Engagement rings are publicly special.  Designed to be seen and shown off, they’re gorgeous, flashy, protruding announcements of a proposal and a sparkly message of “Sorry, I’m taken” to the world.  Extrinsically valued, we celebrate engagement rings as we celebrate engagements. I love seeing relationship statuses changed to “engaged” on Facebook with corresponding ring pictures; I smile watching YouTube videos of surprise proposals; and I happily read gossip magazines’ articles advertising "all the details" on celebrity engagement rings.  

But I won’t remember what Drew Barrymore’s engagement ring looks like, and I’m sure I’ll forget about Jessica Biel’s ring whenever she finally decides to wear it out in public.  The ring I remember the most belonged to a professor in college.  He had one of the thinnest gold wedding bands I’d ever seen.  It communicated promises without pretension, love without wealth, and commitment without status. I thought it was beautiful.  Unpolluted by vanity, his ring was a symbol of his marriage in its purest form.

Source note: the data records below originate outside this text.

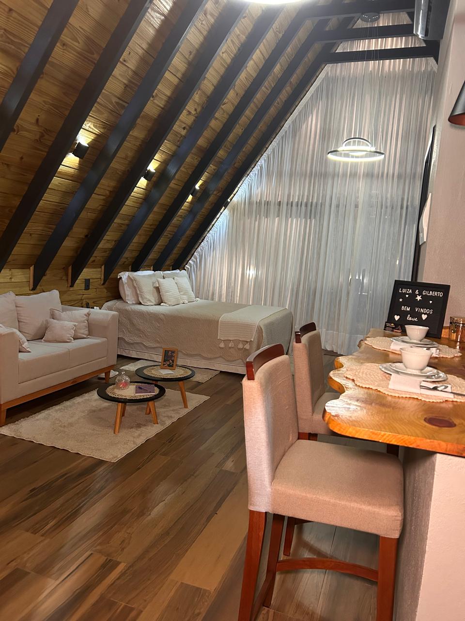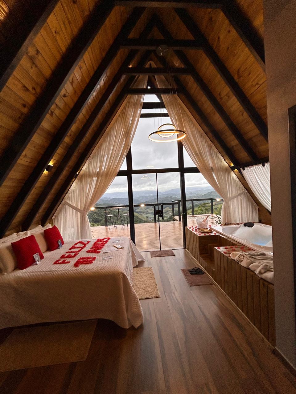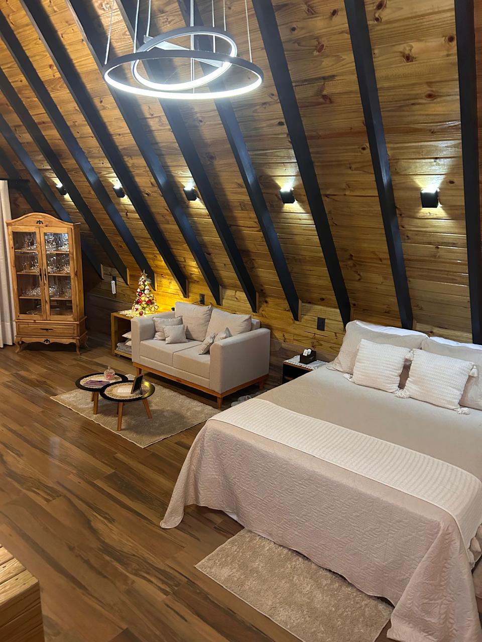 Temos uma cama Queen, deixamos a cama arrumada com cobertor e travesseiros, fornecemos roupa de cama também.
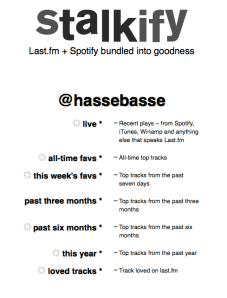 Men dette er altså bare begynnelsen, det er her den virkelige nerdingen begynner. Noen glupe mennesker har nemlig kommet på muligheten for å sy sammen last.fm med streamingtjenesten Spotify. Det kuleste resultatet er Stalkify. Her kan man taste inn brukernavnet sitt på last.fm og få ut en rekke spillelister generert på bakgrunn av statistikken sin: Mest hørte låter, mest hørt i det siste, sanger man har trykket «love» på og mange andre. Tjenesten er noen ganger litt buggete, blant annet tar det ofte lang tid før spillelistene genereres, og noen sanger jeg iallfall aldri har hørt på dukker plutselig opp, men ellers er tjenesten glimrende. Like kult er forresten Discoverfy som bruker statistikken på last.fm (ikke bare din egen) til å generere Spotify-spillelister med artister som likner på en valgt artist.
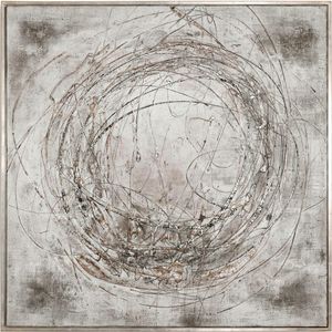 Adorn any wall with this eye-catching, hand painted abstract on canvas. Rich, metallic leaf accents are balanced by a refined, soft gray and white palette. The canvas, with dimensional accents, is stretched over wooden stretchers and encased in a wooden frame with a champagne silver finish.Read More

And that’s the beauty of the wedding band.  In contrast with the public gaze towards engagement rings, wedding bands are privately special. They may be exchanged in front of an audience, but their simplicity does not demand public attention.  No one notices them like they do engagement rings, and no one grabs your hand excitedly to see your new wedding band.  Rather, like the uniqueness of the love between spouses, wedding bands’ specialness can only be understood by the wearers.

So I guess that’s the real reason I sometimes prefer to wear my wedding band by itself nowadays - because its value is intrinsic.  Within its precious metal is something even more precious: the blessings of our families and friends and the private vows Ian and I pledged to each other on our wedding day, all imbuing a specialness even the largest diamond couldn’t match.  

But I suppose I can wear my engagement ring freely now that you know that, even though my diamond gets all the attention, it’s the thin band underneath that really matters.